There are no strict limits on reopening tax assessments. This issue should be resolved, leveraging faceless assessment systems
That India is a highly litiguous society is a well known fact. According to http://www.bloombergquint.com, (September 29), Covid slowed down the economy but not the filing of cases in courts. An astonishing 40 million cases are piled up in courts and tribunals across the country with the Allahabad High Court leading the chart with 7.46 lakh cases followed by Punjab and Haryana HC (6.07 lakh) and the Madras High Court (5.7 lakh).
Tax assessments have nothing conclusive about them. An assessment can be reopened any number of times though the threshold has been gradually brought down over the years. Assessments once completed shall be final for all times, except when the tax authorities at the highest level establish that the tax-payer has deliberately concealed income. To get to this point, the tax department may not be comfortable with the level of scrutiny currently performed. This should be certainly tightened. For this, the faceless assessment process should be leveraged fully. A panel of commissioners should scrutinise every case above a threshold.
Scrap high pitched assessments
High-pitched assessments and the consequent recovery process often clog the courts with writs and stay petitions.
An easy solution for this problem is that in cases where the tax assessment results in a taxable income exceeding 125 per cent of the returned income, the assessment shall be a draft order and the tax payer can file an appeal to the tribunal with the rider that disposal shall be time-bound. The tax demand shall be enforceable only after giving effect to the tribunal order.
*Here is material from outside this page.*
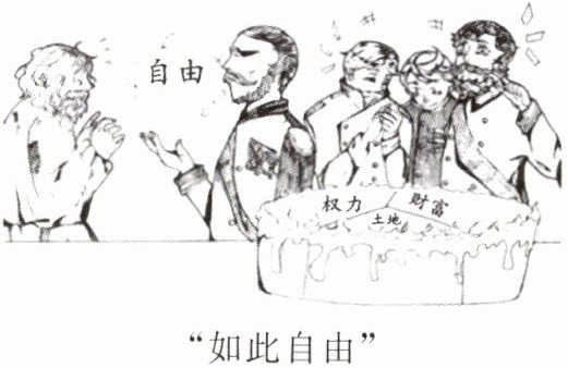 2. 下图取材于某学生创作的关于俄国农奴制改革的漫画。对农奴获得“如此自由”的理解,正确的是(
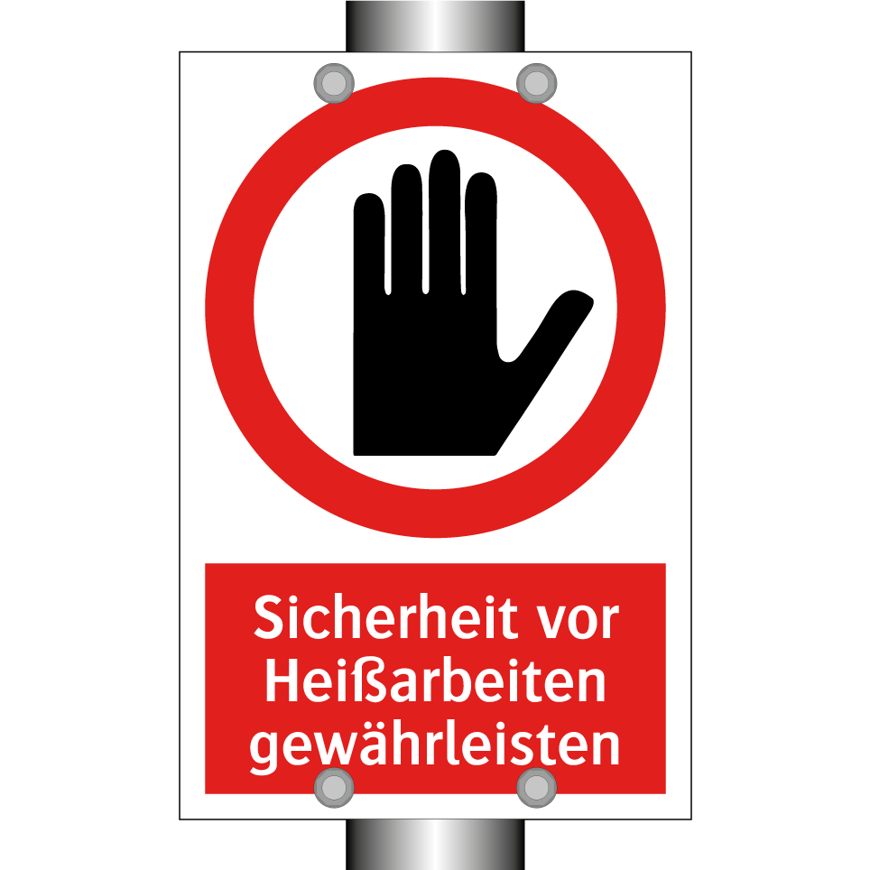 Verbotsschild mit dem Text Sicherheit vor Heißarbeiten gewährleisten

Each city should have an arbitrator and an ombudsman for settling (with no scope for further appeal) tax demands up to, say, ₹5 crore. The appointees should inspire confidence to access this option.
The law is very clear that High Courts should admit appeals against tribunal orders only on ‘substantial questions of law’. However, it is often seen that courts keep a low threshold and admit almost all cases.
The myth that all cases are a mixed question of law and facts is responsible for this spate of admission . Unlike in civil appeals, where the court has a duty to correct a perverse appreciation of facts by the trial court, in tax matters the scope of appeal is very narrow under the governing law and should be strictly abided by.
Transfer pricing cases reaching higher court is an example of this criticism.
It is quite possible that a tribunal gives a patently bad judgment; but the remedy is in setting right the institution and removing errant members and not for a High Court to correct every mistake done by lower authorities.
Any tax appeal pending in a High Court beyond two years is a reflection of the poor administration of the court concerned. There must be only a limited number of, say, five High Courts designated to hear tax cases. This will lead to greater convergence of views and more specialisation which this branch of law badly needs.
Getting the final act ready
The Supreme Court has over the years become another appeals court and the mountain of pendency is impacting its image. Here, again, the statistics on Special Leave Petitions admitted versus rejected is quite revealing.
If the Supreme Court has pendency, can it exhort lower courts for better efficiency? No case should be admitted in tax matters unless there is patent divergence of views of two or more High Courts.
It is hoped that the powers that be reflect on these suggestions and the upcoming Budget address some of the points.
As the tag line in the advertisement of a famous spirits company exhorts its customers to “enjoy responsibly”, let the motto in our country be “litigate responsibly”.